UKF2A Kostic

: Neuropathic pain treatment: Gene transfer to nociceptive neurons

Duration: 01.3.2011. - 01.5.2011.

Project leader: Sandra Kostic, M.Sc. (Laboratory for Pain Research)

Project co-applicant: Professor Damir Sapunar, M.D., Ph.D. (Laboratory for Pain Research)

Collaborators: Professor Quinn Hogan, M.D. (Department of Anesthesiology, MCW, USA)

Funding: Unity Through Knowledge Fund 2A

Administering institution: School  of Medicine, University of Split, Croatia

Summary: Neuropathic pain is a maladaptive, persistent pain syndrome that results from damage to the peripheral or central nervous system (CNS). Its pathogenesis is incompletely understood and treatments are often inadequate. Exploration of the mechanisms producing neuropathic pain has been aided by the interventions targeted to dorsal root ganglion (DRG) which is the primary site of initial pathological changes that lead to neuropathy. A strong impetus for developing a suitable model of DRG injection is the avoidance of systemic and CNS toxicity during neuropathic pain treatment. However, targeted DRG delivery in small animal subjects is a methodological challenge, as DRGs are enclosed within the intervertebral foramen and are therefore not easily accessible for injection. We propose a short two-month visit to the established scientific group with an extensive experience in gene delivery to nociceptive neurons. Our goal is to adopt gene transfer technology targeted to DRGs, and with the help of this methodology strengthen previous and gain new collaborations, increase our research and innovation capacities and attract international funding. Acquiring this technique will additionally enable education of young scientists in our PhD programs.

Project results
The main objective of this visit was to learn and transfer to our laboratory technology of DRG targeted gene transfer.
The first part of the visit included learning surgical methodology. Direct injection of drugs into the dorsal root ganglion in small experimental animals represents a methodological challenge. The ganglion is situated in intervertebral foramen so it is not easily accessible. The surgical approach included the method of selective DRG injection - microsurgical approach using a minimal foraminotomy, orientation and selection of appropriate DRG, injection using a motorized injection system through a pulled glass micropipette. This approach optimizes efficacy of injected drug or a compound.
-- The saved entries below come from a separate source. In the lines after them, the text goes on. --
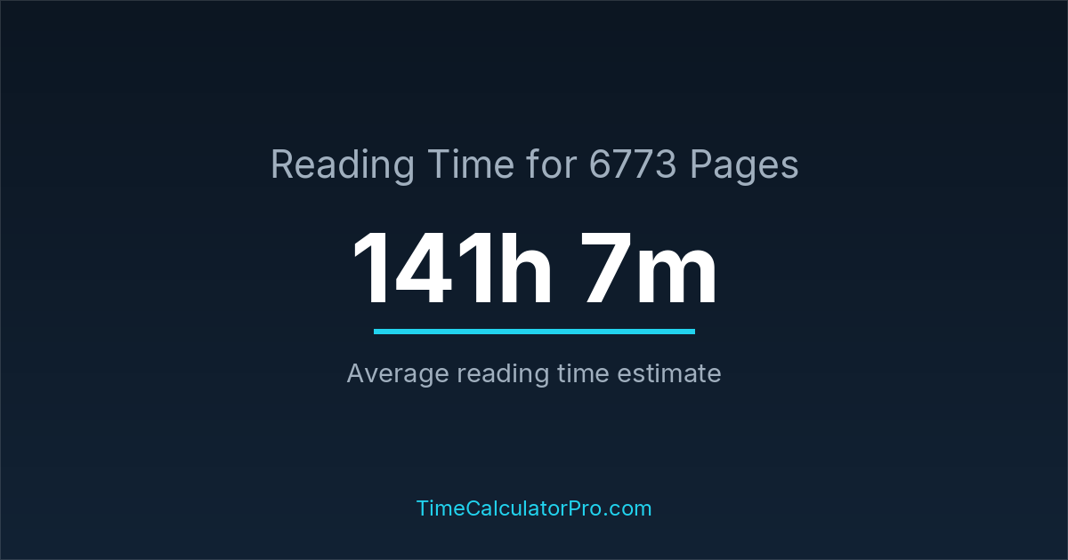 If you read at an average speed of 200 words per minute, reading 6773 pages will take approximately 141 hours and 7 minutes. This estimate assumes around 250 words per page, which is typical for most books.
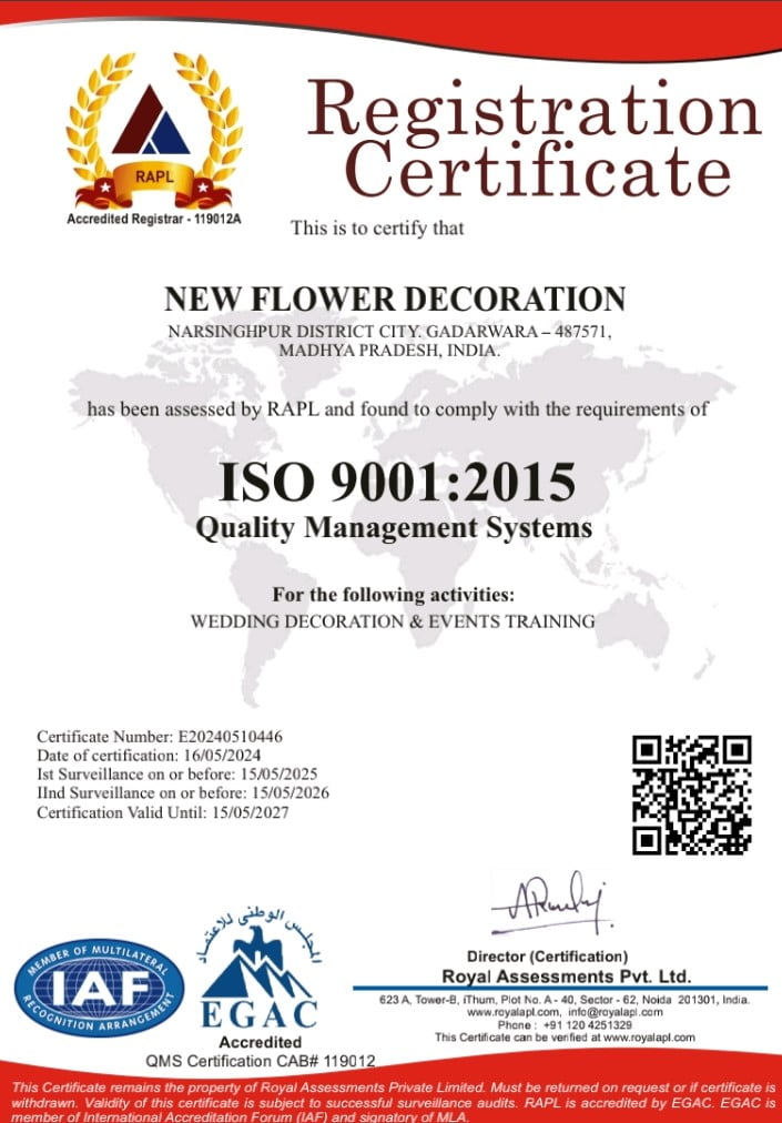 New Flower Decoration helps you in all events and training like tent decoration, flower decoration, balloon decoration, fire work, light decoration etc. and this training is fully certified by ISO.
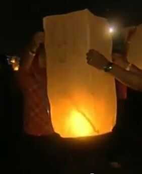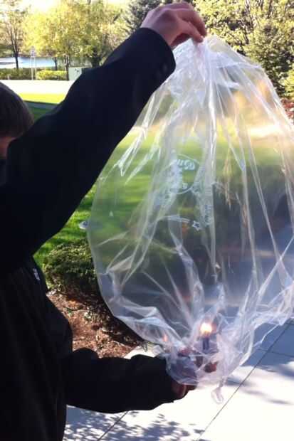 Después de eso, la luz de las velas en el fuego con el encendedor y esperar un tiempo hasta que la bolsa se llena con aire caliente.
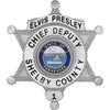 Elvis was made an honorary officer in departments across the United States. This police quality badge is a replica of the one presented to him by the Shelby County Sheriff's Department; making Elvis an Honorary Chief Deputy. This law enforcement quality Badge measures 2 3/8' x 2 3/4'. Features a safety pin on the back of the badge.

It limits influences on other neuronal population, which is important for avoidance of serious side effects that inevitably accompany systemic medication.
For the first two weeks, I was observing experts doing this surgery and I was getting familiar with the equipment. After finishing the course and obtaining the license to work with experimental animals, I started to perform surgery on my own.
During the second part of the visit I was learning a new therapeutic approach for neuropathic pain, gene transfer technology. I was observing the manipulation with viral vectors and its delivery to DRG.  This included the evaluation of injectate distribution - spreading of the solution with dye injectate to quantify the necessary amount and later spreading of the viral components. The virus used in this research for gene therapy was adeno-associated virus. It is one of the most promising viral vectors for human gene therapy. It did not contain any specific therapeutic gene. The viral vector in this case carried a gene that coded for a marker, green fluorescent protein (GFP). This helped us to evaluate the efficacy of viral transduction inside the targeted dorsal root ganglion using immunohistochemical methods.
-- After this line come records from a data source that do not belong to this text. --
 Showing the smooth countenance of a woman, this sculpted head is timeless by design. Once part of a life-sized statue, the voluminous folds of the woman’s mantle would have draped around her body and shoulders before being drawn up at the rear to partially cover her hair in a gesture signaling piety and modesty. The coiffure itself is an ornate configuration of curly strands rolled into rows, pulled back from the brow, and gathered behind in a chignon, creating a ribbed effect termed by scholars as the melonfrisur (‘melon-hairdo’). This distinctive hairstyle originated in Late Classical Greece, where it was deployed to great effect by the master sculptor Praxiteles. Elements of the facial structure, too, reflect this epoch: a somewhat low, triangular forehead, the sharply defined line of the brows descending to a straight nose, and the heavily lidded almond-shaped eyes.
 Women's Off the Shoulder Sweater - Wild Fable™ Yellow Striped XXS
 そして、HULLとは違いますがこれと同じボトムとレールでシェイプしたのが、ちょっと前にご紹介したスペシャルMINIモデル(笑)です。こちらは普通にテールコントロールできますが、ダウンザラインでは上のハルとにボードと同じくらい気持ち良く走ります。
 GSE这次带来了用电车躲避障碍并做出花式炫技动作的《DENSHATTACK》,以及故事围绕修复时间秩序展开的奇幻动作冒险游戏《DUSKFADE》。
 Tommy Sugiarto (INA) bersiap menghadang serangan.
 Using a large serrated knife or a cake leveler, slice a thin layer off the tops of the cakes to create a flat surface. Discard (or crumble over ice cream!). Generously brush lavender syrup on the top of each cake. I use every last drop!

After my return, during May, we established functional system for targeted delivery of drugs into DRG. Due to additional financing, we were able to purchase all the necessary equipment for the drug delivery system. This helped us to accomplish this activity much faster than it was planned.
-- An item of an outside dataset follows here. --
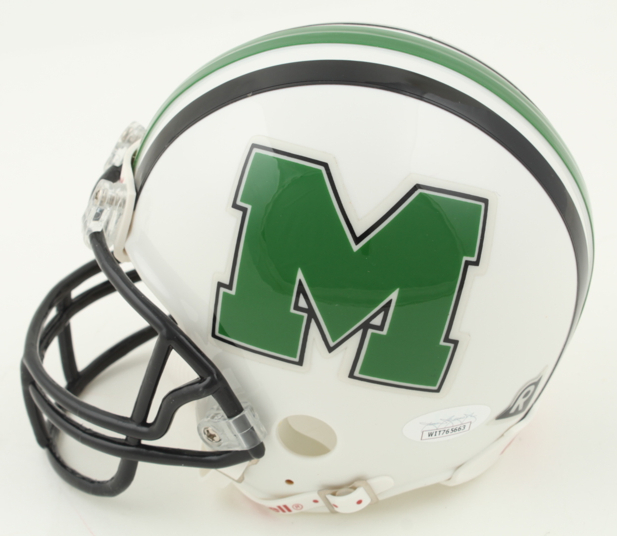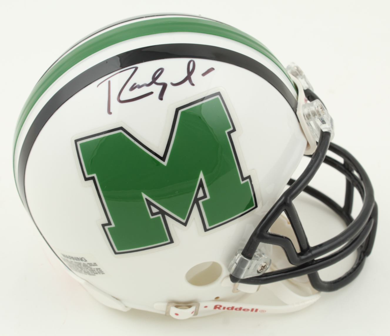 Riddell Marshall Thundering Herd mini helmet. Has been hand-signed by Randy Moss (HOF).
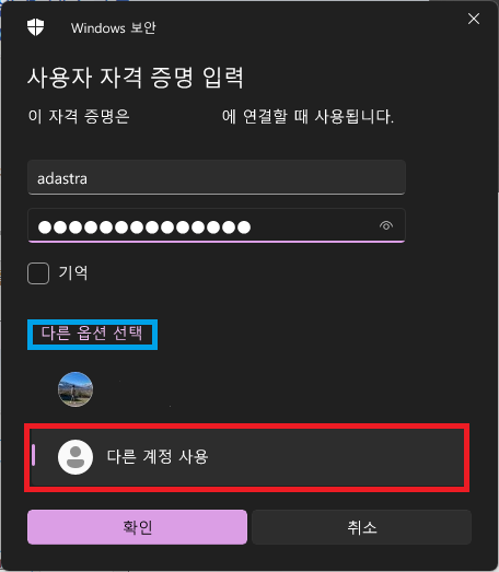- [다른 옵션 선택] 항목을 선택한 후, [다른 계정 사용]을 클릭한다. 그리고 Azure에서 Windows VM을 생성할 때 적었던 관리자 계정의 아이디와 비밀번호를 적어준다.

The setup for direct DRG injection at
Laboratory for Pain Research in Split

The PhD program Translational Research in Biomedicine – TRIBE started during May 2011. This methodology is included in the program of one obligatory and one elective course.
Public outreach was achieved through interview  for University newspaper "Universitas No. 19" (published as a supplement of Slobodna Dalmacija)  about UKF 2A grant and my results.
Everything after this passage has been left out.